It was a surprise twist in an otherwise boring CBC National News panel the other night. It was an argument over whether a referendum was really democratic or redundant in a representative democracy. While it was not the well respected At Issue politically expert panel, the argument held enough interest to mull over as we drifted off to sleep.
What the panel did not get to was the point that there are questions that a representative government is expected to answer and then there are questions that are the purview of the citizens. What cannot be denied is that parliamentarians are entitled to change their minds and that the citizens have the final say in any matter.
In the example of the recent Brexit vote in the United Kingdom, the initial decision to join the European Union was made by the UK parliament and the more recent vote to leave was by referendum. Both votes were legal. In effect, parliament ruled in the legislation enabling the referendum that the referendum would decide. And any parliamentarian who did not understand the risk involved in a referendum deserved what he or she got.

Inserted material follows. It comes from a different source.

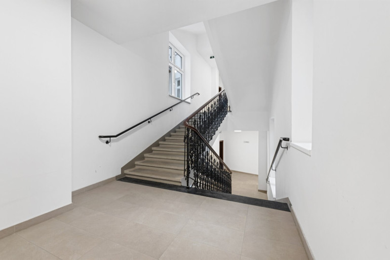 Bereits der repräsentative Hauseingang verspricht Ihnen ein niveauvolles Zuhause, welches sich im Stiegenaufgang fortsetzt.

While there seems to be an opinion that a question on a plebiscite need not be binding on parliament, a referendum is considered final. It was why Prime Minister David Cameron had no option but to resign when his foolish offer to hold a referendum on leaving the EU blew up in his face.

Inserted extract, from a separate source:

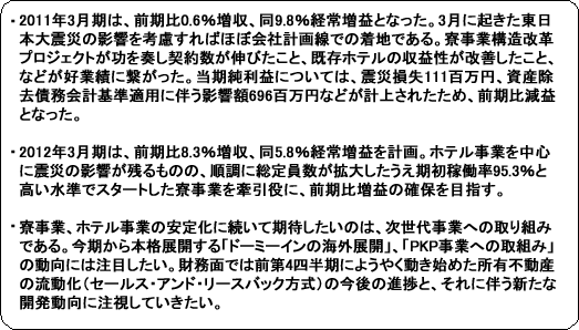 2011年3月期は、前期比0.6%増収、同9.8%経常増益となった。会社側は3月に起きた東日本大震災により、売上高936百万円、経常利益765百万円が減少したと推定しており、この影響を考慮すればほぼ会社計画で着地したことになる。主力の寮事業、ホテル事業が共に堅調に推移した。当期純利益については、震災損失111百万円、資産除去債務会計基準適用に伴う影響額696百万円などが計上されたため、前期比減益に転じた。設備投資額は3,037百万円(前期実績13,203百万円)。具体的な震災の影響は、1)寮事業において東北6県からの申込減少(影響額:売上高60百万円、経常利益60百万円)、2)同じく寮事業において海外留学生の帰国・キャンセル(影響額:売上高20百万円、経常利益20百万円)、3)ビジネスホテルでの予約キャンセル・宿泊減少(影響額:売上高156百万円、経常利益125百万円)、4)リゾートホテルでの予約キャンセル・宿泊減少(影響額:売上高700百万円、経常利益560百万円)、など。なお、特別損失には災害による損失111百万円が計上された。 ![]() 寮事業

Canada’s experience with referenda is no more joyful. In recent memory, the ill-considered Charlottetown Accord Referendum, and provincial referenda in Quebec, Ontario and British Columbia have all failed. And that is not because Canadians dislike referenda. They take them seriously.

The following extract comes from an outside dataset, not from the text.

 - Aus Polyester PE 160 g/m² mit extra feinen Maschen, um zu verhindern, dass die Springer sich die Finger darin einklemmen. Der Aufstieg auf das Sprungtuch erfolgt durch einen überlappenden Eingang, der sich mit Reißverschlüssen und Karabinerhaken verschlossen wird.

But Canadians also seem to want clear, straight-forward questions. If you ask them if they want to change how they vote, for example, you need to do a thorough job of explaining the alternatives. The people want to vote on it but first they need to understand it.
And it would be quite awkward for the Trudeau government to attempt to make material changes in how Canadians vote without a referendum or plebiscite. That horse has left the barn based on provincial precedents.
What is really amusing in the current Ottawa referendum argument is that the Conservatives are arguing for a referendum because they think that the voters will turn it down. The supposedly democratic Liberals are arguing against a referendum because they also think their vote reform will be shot down. Which begs the question: why bother?